Armed with a good feasibility assessment, the first major step in hardware deployment is the engineering design. For modular renewable technologies (solar thermal hot water, solar photovoltaic, wind, and some biomass technologies), much of the engineering design will have already been accomplished by the equipment vendor. For non-modular renewables (geothermal, concentrating solar power, small hydro power, and other biomass technologies), considerable systems engineering may be required. For this second set of options, it is probably best to contract with an engineering firm or a systems integrator to get through the engineering design stage.
Either way, the objective of this step is to end up with a complete set of component or systems specifications, drawings, performance specifications, and construction management plans that can be used for hardware procurement and on-site construction. The engineering design should also include the development of a detailed construction timeline identifying long-lead-time items and construction sequencing. The larger the project, the more important these documents become.
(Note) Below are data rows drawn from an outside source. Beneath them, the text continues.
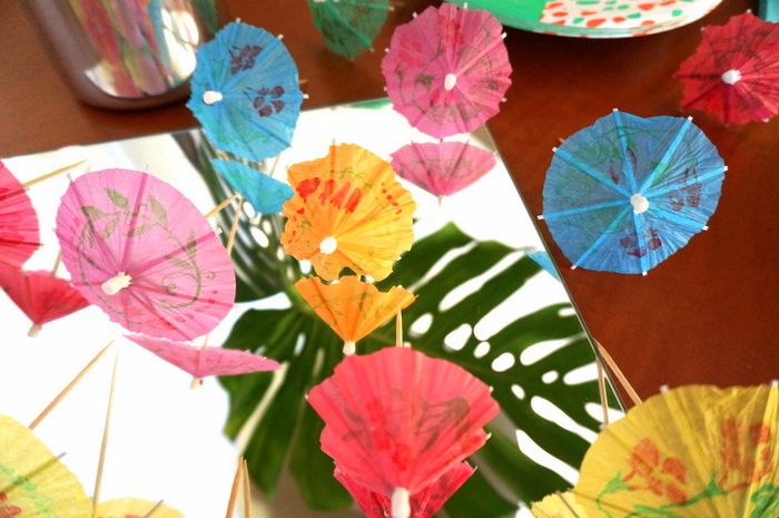A reflection of a large monstera leaf can be seen in the mirrored tile on the table below. Make sure the surface of the tile (or tabletop) is clean, then cover it with drink umbrellas. Invite guests to take an umbrella for their beverage of choice as they arrive.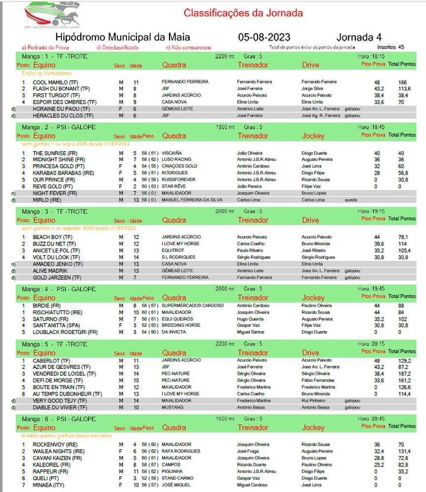 No passado sábado, dia 5 de Agôsto, decorreu, no Hipódromo Municipal da Maia, a 4ª Jornada do Campeonato Nacional Campeonato Nacional de Corridas de Trote e Galope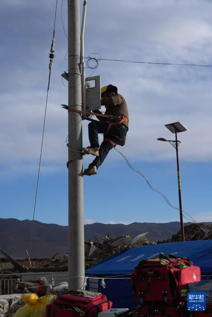 1月7日,在定日縣長所鄉(xiāng)古榮村,工作人員在搶修供電線路。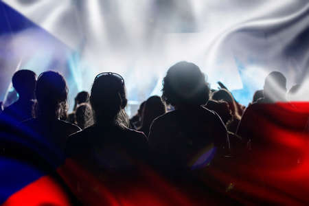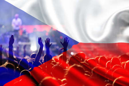 football fans supporting Czech Republic - crowd celebrating in stadium with raised hands against Czech Republic flag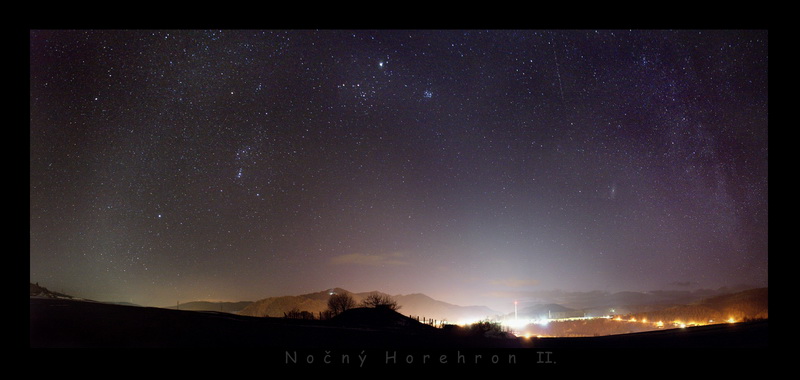 | Popis autora: | Fotografia panoramaticky zachytáva pohľad na oblohu (z ľava) od juhovýchodu až po severozápad a obec Valaskú spolu so Železiarňami Podbrezová. Kúsok od stredu naľavo je na horizonte vysvietená chata na Chvatimechu (bývalý Bernardín) - miesto odkiaľ vznikol prvý záber (na vrchole nad chatou).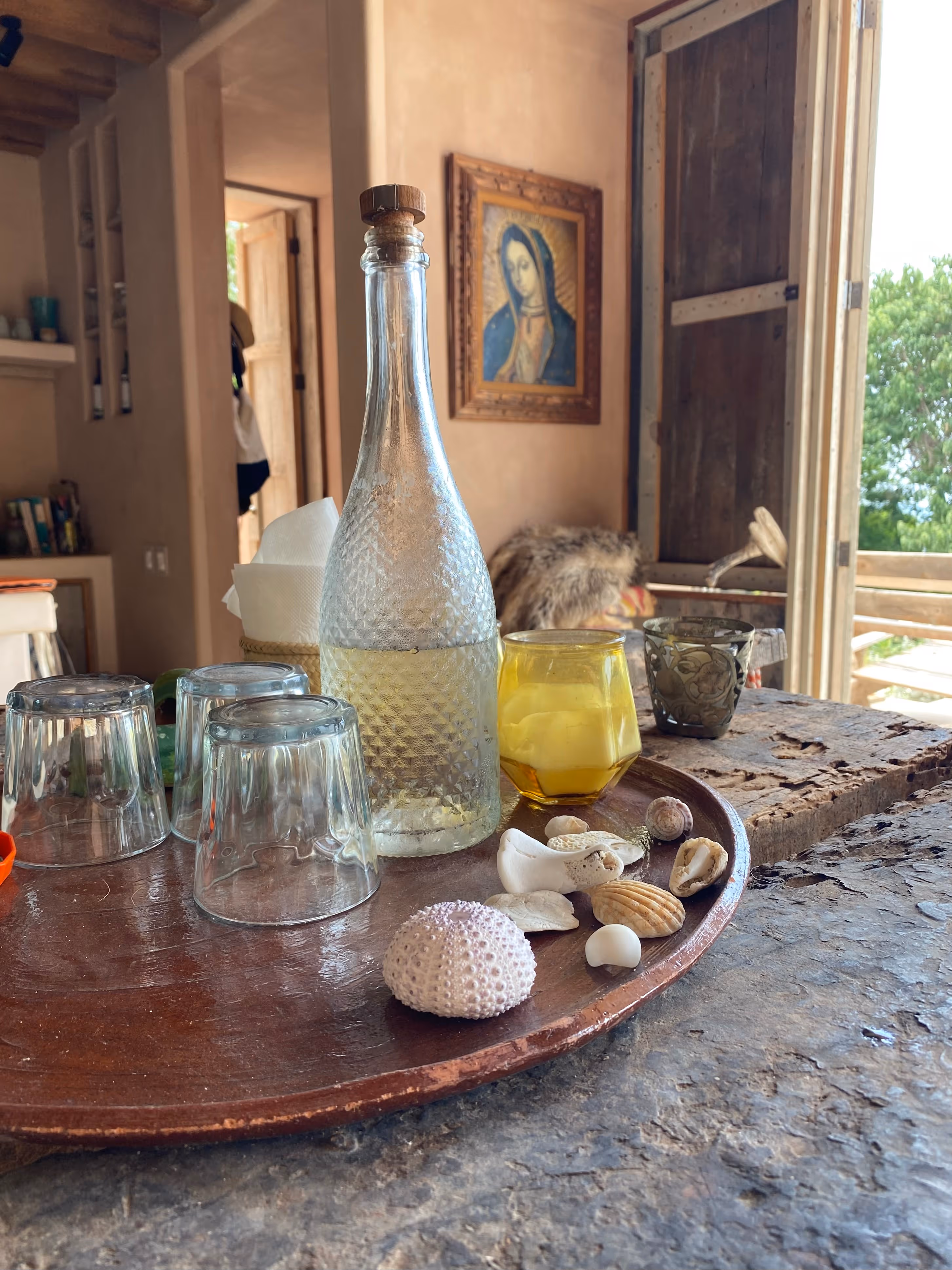When it came to the color of the pasta, the smooth concrete finish used on the exterior and interior walls, Christine did have a specific color in mindâa âpink salmon-y desert tanâ. The house has that now, but getting there was far from the simplicity of installing cut tiles. âNicolas and I had a million pictures in our storyboards, our inspiration boards. El pastero, the maestro of the pasta, kept making samples for me, but they were everything but what I wanted. That went on and on. For a while, I thought he was color-blind. I finally gave up. I went safe and picked a beige. This was right before I moved down here permanently so I was still going back and forth once a month, twice a month. I figured before we do anything on the main house, letâs pasta the bungalow so that if itâs a horrible mistake, we can make changes on the house.

Also, the engineering design will result in an increasingly good estimate of actual construction costs. For instance, there may be the need for some on-site testing, such as soil drilling and compaction, which can impact foundation design. Transmission interconnection requirements will impact substation design. Air and water quality requirements may mean additional equipment for air emissions control, or waste water cleanup. The detailed engineering design is the time to catch and design-in this equipment. Retrofits are nearly always more expensive than doing it right in the first place.